- Calderonista Invasion of Costa Rica (1955): Part of History of Costa Rica
| Date | January 11–21, 1955 |
| Location | Costa Rica |
| Result | Costa Rican government victory |

Belligerents
- Costa Rica: Calderón forces Supported by: Nicaragua Venezuela Dominican Republic Guatemala (Diplomatic Support)

Commanders and leaders
- José María Figueres Ferrer: Rafael Ángel Calderón Guardia Anastasio Somoza Rafael Leónidas Trujillo Marcos Pérez Jiménez

Strength
- 9,000 troops: 3,500 troops 15 tankettes 5 planes 4 armored vehicles

Casualties and losses
- 39 killed: 58 killed 1 plane shot down Several tankettes captured

= Calderonista invasion of Costa Rica =

1955 rebellion in Costa Rica

The Calderonista Invasion of Costa Rica was a small rebellion carried out in North-West Costa Rica by forces loyal to the disgruntled former president Rafael Calderón, and was supported by the Government of Nicaragua who were unhappy with the election of Jose "Pepe" Figueres Ferrer to the Costa Rican Presidency two years prior.

==Summary==

Don José Figueres Ferrer was elected president in 1953. Since late 1954, a group of Costa Ricans in favor of restoring Calderón Guardia, then in Mexico, to power, began preparing a movement in Nicaragua to overthrow the Figueres administration, with the complicity of the Somoza regime, since the dictatorial president of Nicaragua, Anastasio Somoza García, alleged that members of the Caribbean Legion, a supposed group of political exiles from the Caribbean nations, had participated in a conspiracy to assassinate him with the help of Figueres.

Apparently Somoza made plans with Trujillo (dictator of the Dominican Republic) to retaliate and then supported Calderón Guardia, who commanded a band of rebels in southern Nicaragua under the military leadership of Major Teodoro Picado Lara, son of former President Teodoro Picado, who invaded the country through the northern border, some invaders even reaching Villa Quesada (now Ciudad Quesada) in San Carlos, on January 11, 1955.

Figueres immediately appealed to the Organization of American States (OAS) to investigate; a commission discovered that the supplies and war material came from Nicaragua.
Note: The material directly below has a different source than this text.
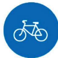
4.4 «Велосипедная дорожка»

Здесь машины друг за другом Мчатся весело по кругу. Что такое, в самом деле, Словно мы на карусели? Мы на площади с тобой, Где дороги нет прямой.

As soon as this became public, Nicaragua ceased aid to the Calderonist rebels, who were mostly Costa Ricans. Meanwhile, the country organized itself through its Public Forces, reservists, and volunteers. The United States sold four warplanes, at the symbolic price of $1 each, to Costa Rica to aid in its defense.

There were some battles and skirmishes in several towns, especially in Santa Rosa, where the remains of some tanks still remain. But the rebels were no match for the government forces, which enjoyed great popular support, and they were driven back across the border into Nicaragua. In early 1956, Costa Rica and Nicaragua agreed to cooperate in monitoring their border.

==Beginning==
The rebellion started on 7 January 1955 when forces loyal to former president Rafael Calderón, who were backed by the Nicaraguan president Anastasio Somoza García, crossed the border from Nicaragua into Costa Rica. Venezuelan dictator Marcos Pérez Jiménez provided financial support to the rebels and, reportedly, air support. The rebel forces seized the border town of Villa Quesada on 12 January.

Jose Figueres accused the CIA of covertly aiding Nicaragua's invasion by sending pilots and sorties to covertly attack Costa Rica, notably subjecting at least 11 villages to machine gun fire.

==Resolution==
The Costa Rican government appealed to the Organization of American States to investigate. The Organization of American States found the Nicaraguan government was supporting the rebels and as soon as this was announced, the Nicaraguan government ended its support of the rebels. The United States sold Costa Rica four fighter planes, while the rebels were overwhelmed by the popularly backed government forces. After some fierce fighting in a handful of northern towns, the rebels were pushed out of Costa Rica.